To indicate the proper development of a child, there are certain baseline milestones. If a child is not reaching the milestones at the expected rate, it can indicate that there is an issue that needs to be addressed. By early intervention, the development of the child can be improved and the long-term impact of the developmental delays may be reduced. One such constraint of child development is Autism spectrum disorder. The ASD-affected children exhibit difficulties in communication, socialization and challenges in physical, social, and emotional development. This neurodevelopmental disorganization may exhibit an extensive range of effects and symptoms including challenges in communication, social interactions, and physical, social, and emotional behaviours. To identify ASD symptoms in a child, the range of ASD symptoms must be available as datasets to the researchers. The difficult phenomenon is that parents are not able to identify or detect early-age indications of ASD in their children. This proposed research work aims to detect the symptoms of ASD from parents’ dialogues.

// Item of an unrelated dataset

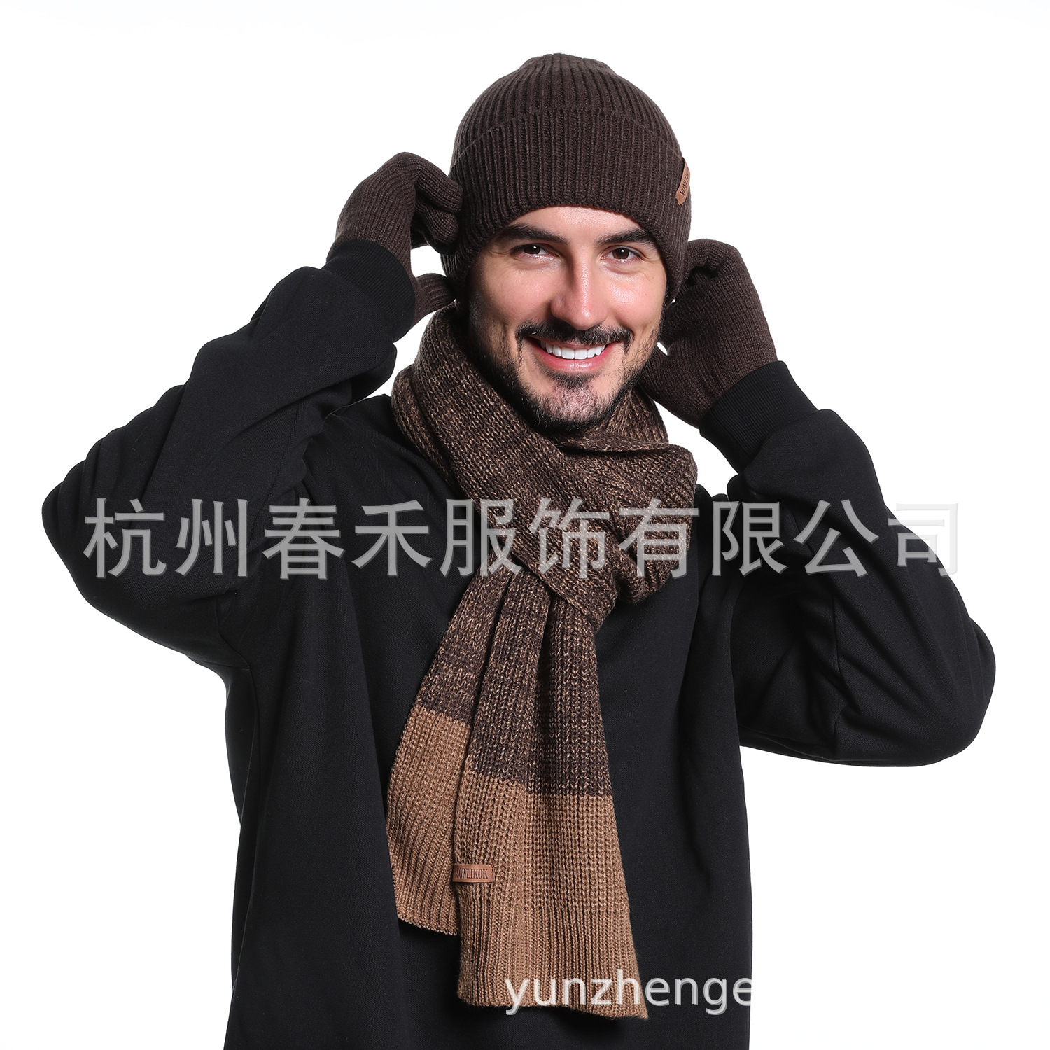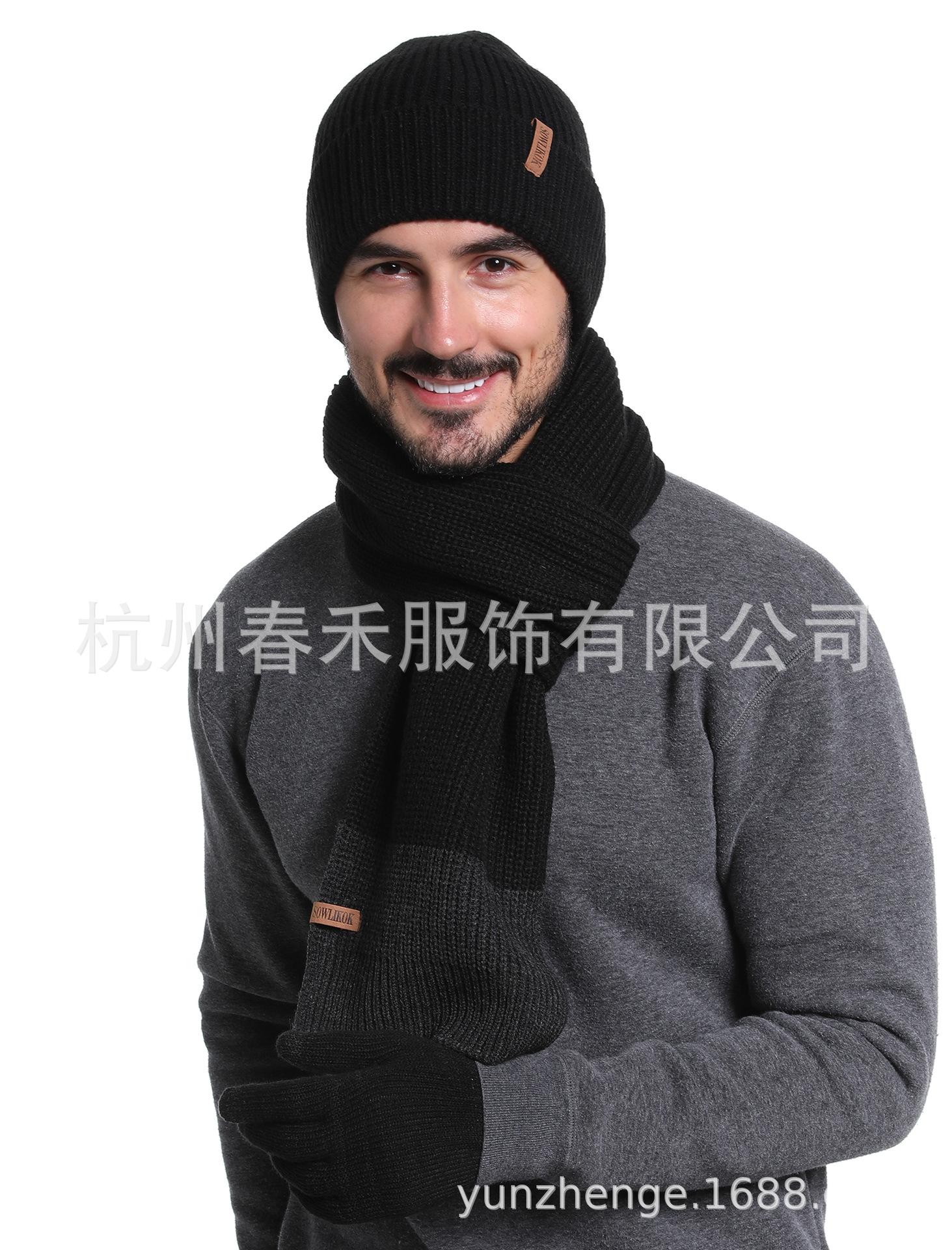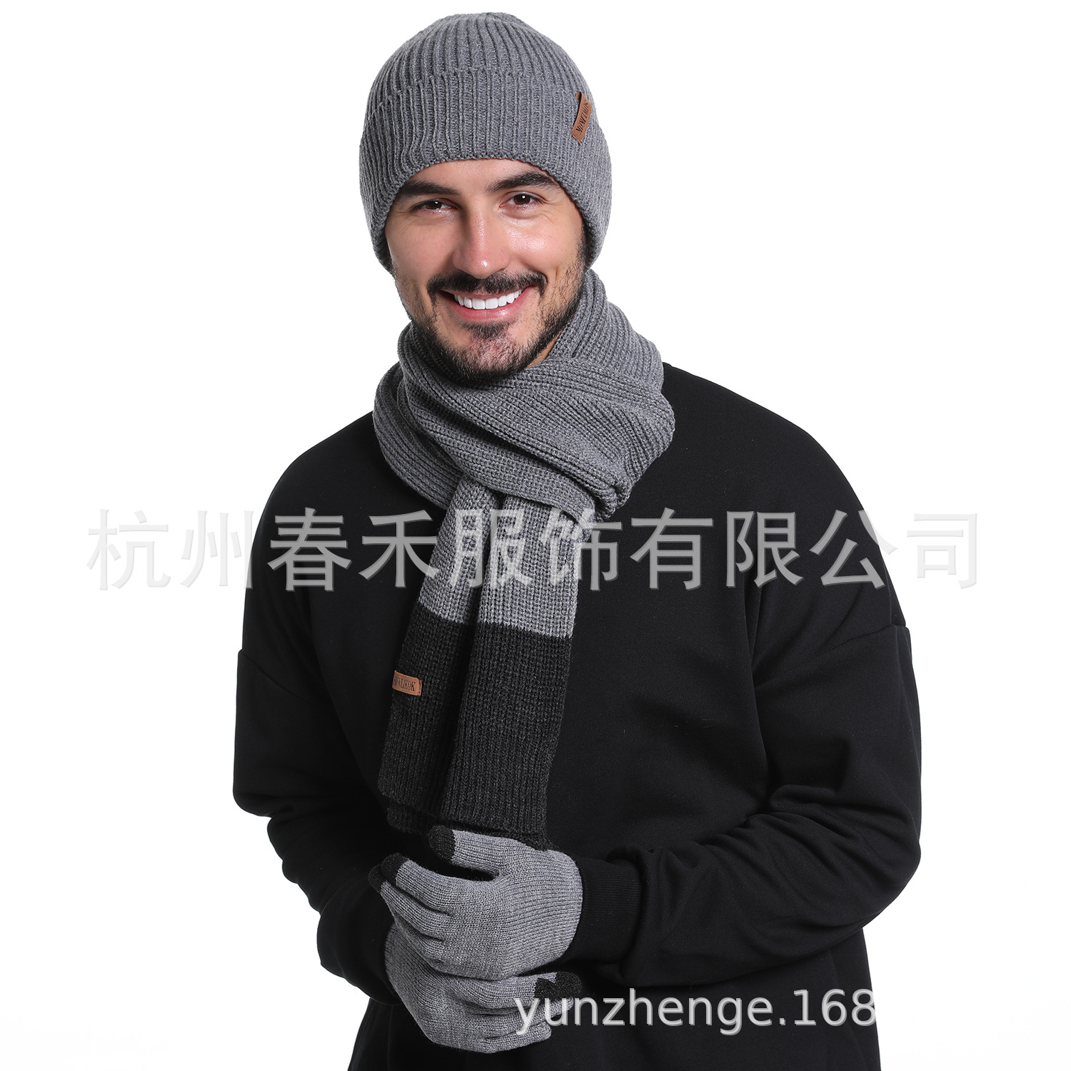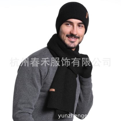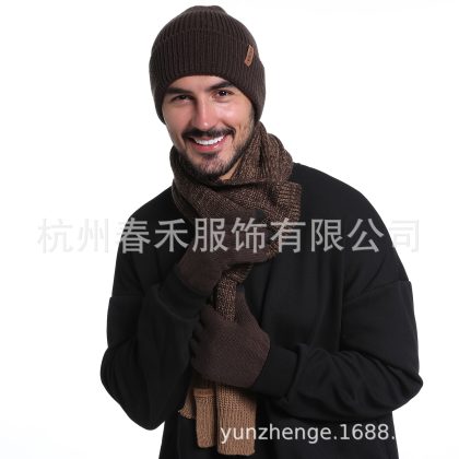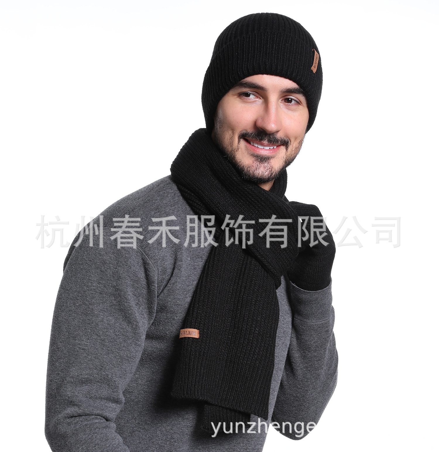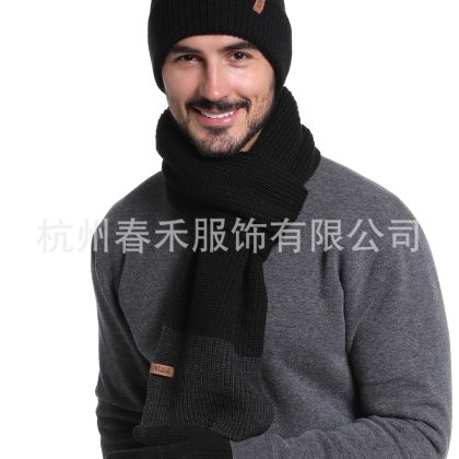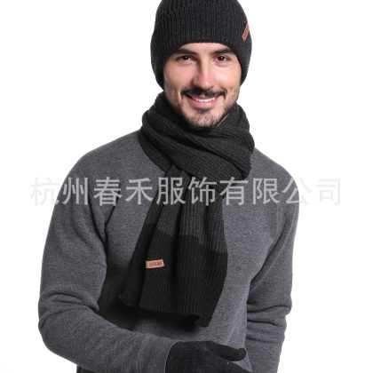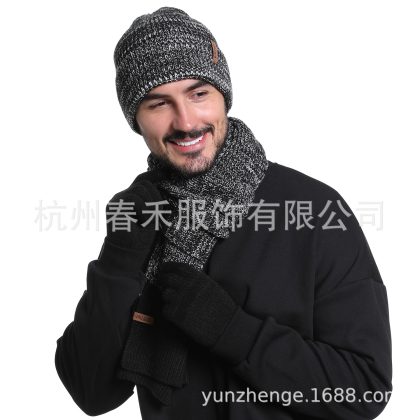 | nameOriginal | Cross-border e-commerce 6-color spot men's adult scarf cap scarf 3-piece set plus velvet scarf hat touch screen gloves |

The dataset has collected data from many autism groups from social media and organizations for special children. To understand the sentiment of parents’ dialog there are two important and popular machine learning models, the Multinomial Naïve Bayes and the XGBoost. Naïve Bayes is based on a probabilistic machine learning model and XGBoost is an ensemble-oriented model. If new data comes from a new parent, the sentiment of that data is also predicted by these models. By using these two models, sentiment analysis can help to identify ASD symptoms. Based on the prepared data, the accuracy of these two models is 70% and 70% respectively.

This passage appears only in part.